Antonio Jesus Sedano Madrid, 76, a widower since 1991, was suffering from this cancer in his right eye. He prayed intensely to Guadalupe with faith before going to bed that night and on getting up the following day he realized he was cured. The lesion had disappeared completely, leaving no trace. The Congregation’s medical experts concluded that the cure had no scientific explanation. The Theologian Consultors and, later, the Cardinals and Bishops, said it could be attributed to Guadalupe’s intercession before God.

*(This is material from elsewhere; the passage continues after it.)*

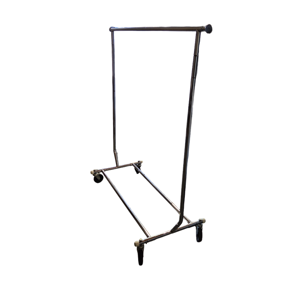 Collapsible garment racks on wheels. Units are 5' tall and 5' long with extensions for the height and lengths to go out an additional foot.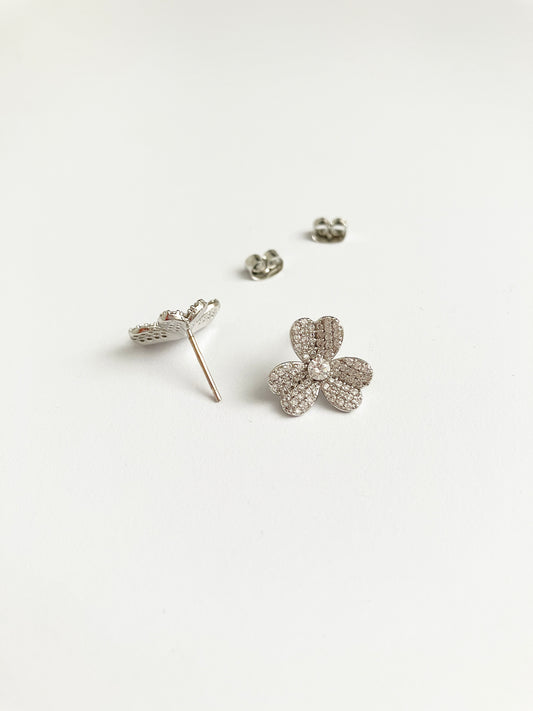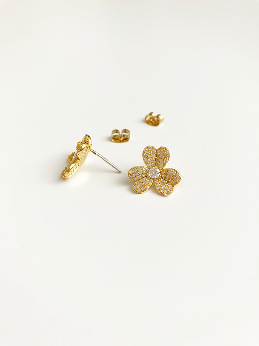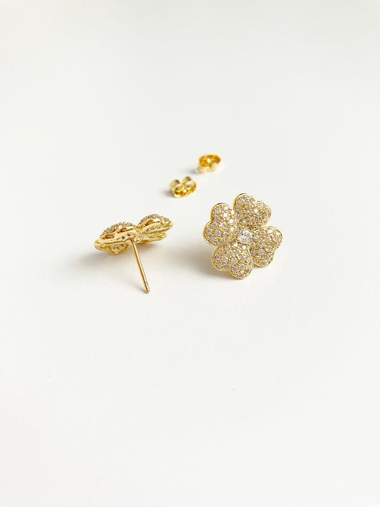 Four Leaf Clover of Hearts Earrings in Gold and Cubic Zirconium

When the plastic surgeon examined the patient, he confirmed the absolute disappearance of the cancer for unknown reasons. His first impression was one of fright, and his first question was: “Where were you operated on?” Then Antonio recounted the details of his cure and Guadalupe’s intercession. Stated in the clinical history of the date the miracle occurred is that: “The lesion disappeared after praying to the Servant of God Guadalupe Ortiz de Landazuri.”
Father Antonio Rodriguez de Rivera, Postulator of the Cause, said that the new Blessed “embodies the Beatitudes” of which Pope Francis speaks in Gaudete et Exultate, because “her very normal life and, at the same time, full of God, is a splendid invitation to open oneself to others,” adding that “her example encourages one to shake off one’s comfort and give oneself to the service of others.
“Self-forgetfulness”
What most impressed this expert in Guadalupe’s life was her “self-forgetfulness.” “She thought constantly of the Lord and of others.” An example is what happened in Mexico in 1952. It was during a spiritual retreat for University students in a recently built house, with virtually no furniture. On the penultimate day, she gave a talk on the Christian virtues. She and the others were sitting on the floor. She felt a great pain caused by the sting of a poisonous insect, but she didn’t want to interrupt the talk until the end, so the others wouldn’t worry. No one realized what had happened. She developed a high fever and had to stay in bed for two weeks.
“She never complained. What is more, from her bed she continued her duties until another woman of the Opus Dei replaced her. Those that looked after her were witnesses: not only did she not complain or talk about her illness, but she was interested in those that came to see her and to promote the apostolic work,” recalled the priest of the Prelature.